Brazil Real Rallies as Central Bank Intervenes to Boost CurrencyGabrielle Coppola and Marisa Castellani
Brazil’s real rallied, strengthening beyond 2 per dollar for the first time since July, after the central bank auctioned foreign-exchange swap contracts to shore up the currency and contain inflation.
The real rallied 1.7 percent to 1.9955 per dollar at the close in Sao Paulo, reversing an initial loss after the central bank sold all $1.85 billion of contracts offered. The gain was the biggest since June 29, pushing the currency to its strongest level since July 2.
The intervention surprised traders, who had speculated that the central bank would refrain from rolling over $1.8 billion of currency swap contracts maturing Feb. 1, Joao Paulo de Gracia Correa, the head of currency trading at Correparti Corretora, said by phone from Curitiba, Brazil.
“The auction took everybody by surprise,” he said in a telephone interview. “The central bank should leave the real at this level in the short term to relieve inflation pressure.”
Policy makers swung in 2012 between selling currency swaps to prevent the real from falling too quickly and offering reverse currency swaps to protect exporters by keeping the real from strengthening beyond 2 per dollar. The central bank sold all 37,000 of currency swap contracts offered today.
Most swap rates on contracts expiring after October 2015 climbed as analysts raised their 2013 inflation estimate for a fourth week, increasing pressure on policy makers to lift borrowing costs.

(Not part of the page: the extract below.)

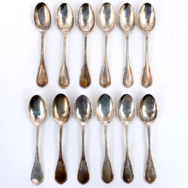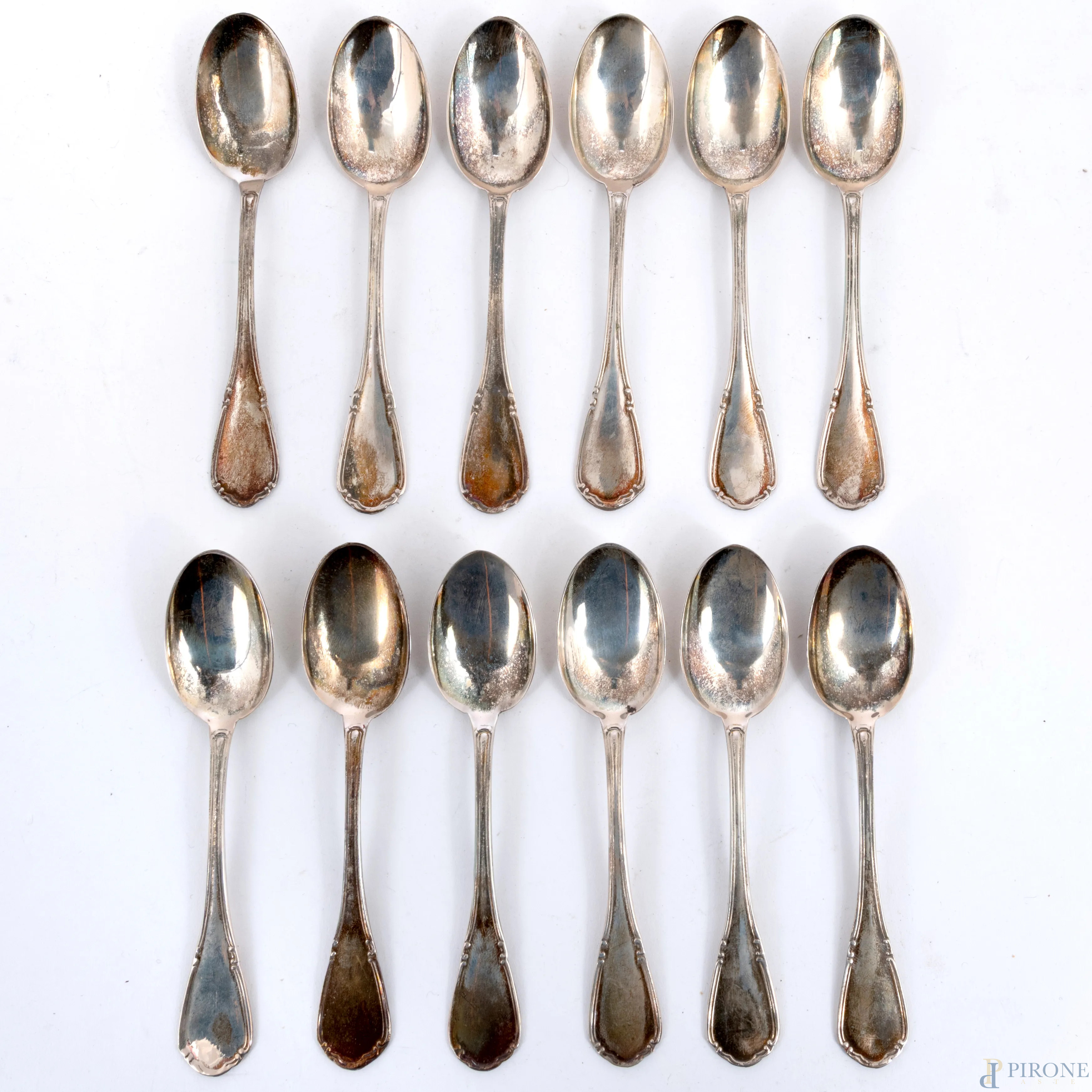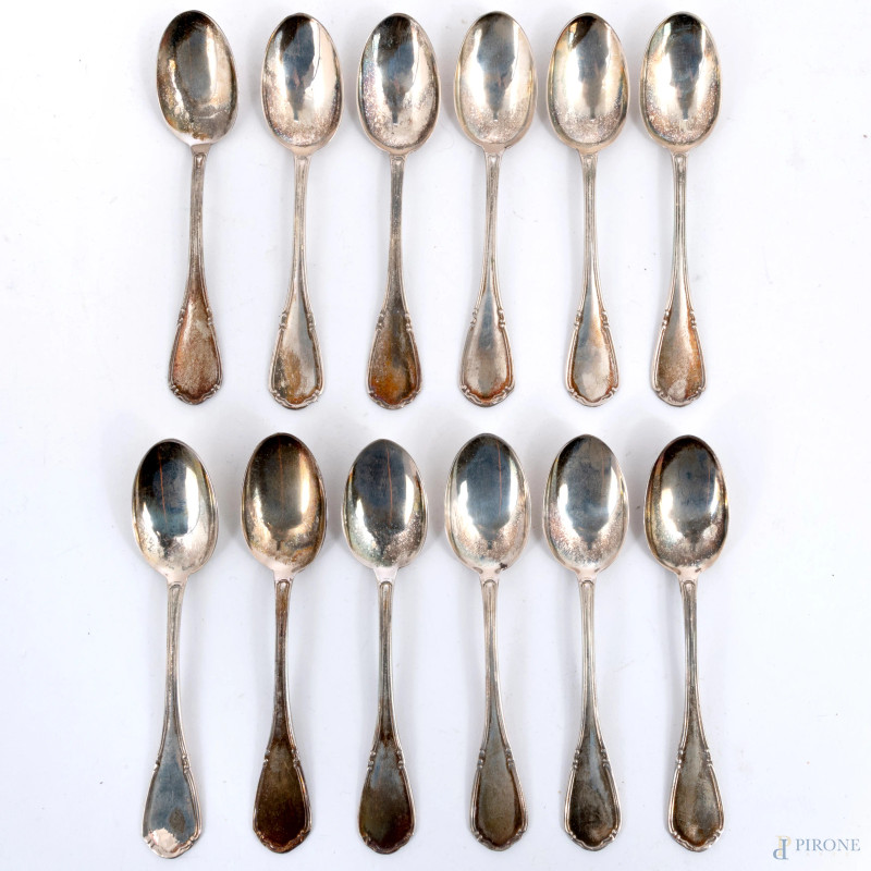 Lotto di 12 cucchiaini da the in argento 800/000, lunghezza cm 12, peso complessivo gr 150

Consumer prices will rise at an annual rate of 5.67 percent in 2013, according to the median estimate in a central bank survey of about 100 analysts published today. That compares with a projection of 5.65 percent in the previous week.
The best policy for containing consumer price increases is to keep the target rate at a record low for a “sufficiently prolonged period,” the central bank reiterated in minutes of its Jan. 15-16 meeting published last week.

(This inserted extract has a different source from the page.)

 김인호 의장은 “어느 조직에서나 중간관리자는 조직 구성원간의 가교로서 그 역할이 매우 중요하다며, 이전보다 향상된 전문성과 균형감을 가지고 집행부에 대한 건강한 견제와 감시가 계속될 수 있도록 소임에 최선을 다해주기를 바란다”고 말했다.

Annual inflation has exceeded the 4.5 percent midpoint of the central bank’s target range for 28 consecutive months. The IPCA index of consumer prices rose 5.84 percent in December from a year earlier after increasing 5.53 percent in the prior period, the national statistics agency reported Jan. 10.
Economic growth slowed to 1 percent last year, the central bank estimates, following expansion of 2.7 percent in 2011 and 7.5 percent in 2010.
Swap rates on the contract due in January 2017 rose five basis points, or 0.05 percentage point, to 8.81 percent, the highest level on a closing basis since Nov. 22.